Um especialista disse que a esquizofrenia «é uma das doenças com maior prevalência no país». Pelas contas desse reputado médico, vejo que um em cada cem portugueses é esquizofrénico. Entre os outros, calculo eu, devem recrutar-se casos piores. Basta abrir o jornal ou ver um bocadinho de televisão e sente-se ganas de meter uns quantos em colete de forças, para já não dizer em electro-choques!

4.5.06

Um caso de nomeada

Há quem esteja muito preocupado por a EDP ter contratado Pedro Santana Lopes como assessor jurídico da empresa. Há quem esteja preocupado pelo facto de a empresa lhe pagar dez mil euros por mês. Se essas duas coisas são verdade, há por aí tantas verdades parecidas sem que as pesssoas se preocupem, que até parece que se preocupam com esta, para não se ocuparem das outras. No mais, é o ex-ministro do governo do nomeado, a nomeá-lo agora.
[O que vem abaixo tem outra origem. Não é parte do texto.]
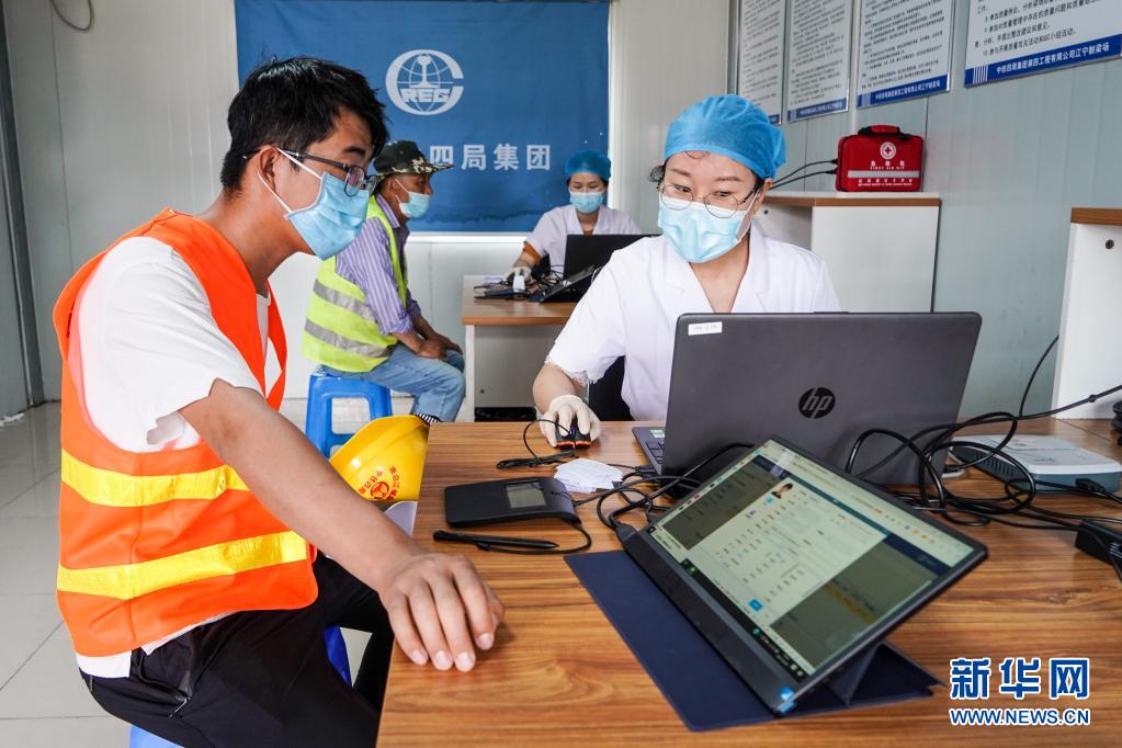 6月8日,在中铁四局江苏南沿江城际铁路站前1标段施工项目驻地,工人们在登记区登记个人信息,准备接种疫苗。

Mas isso é o ora agora nomeio eu, que depois me nomeias tu. É caso único?

1.5.06

O ataque dos mortos

Os loucos não se consideram loucos, os mortos não sabem que morreram. Freitas do Amaral em entrevista à oficial agência Lusa, diz que não se considera «politicamente morto». Mas acrescenta: «que enquanto for considerado útil e a saúde aguentar, estou disponível». Morto de vontade de continuar, num acto de loucura total.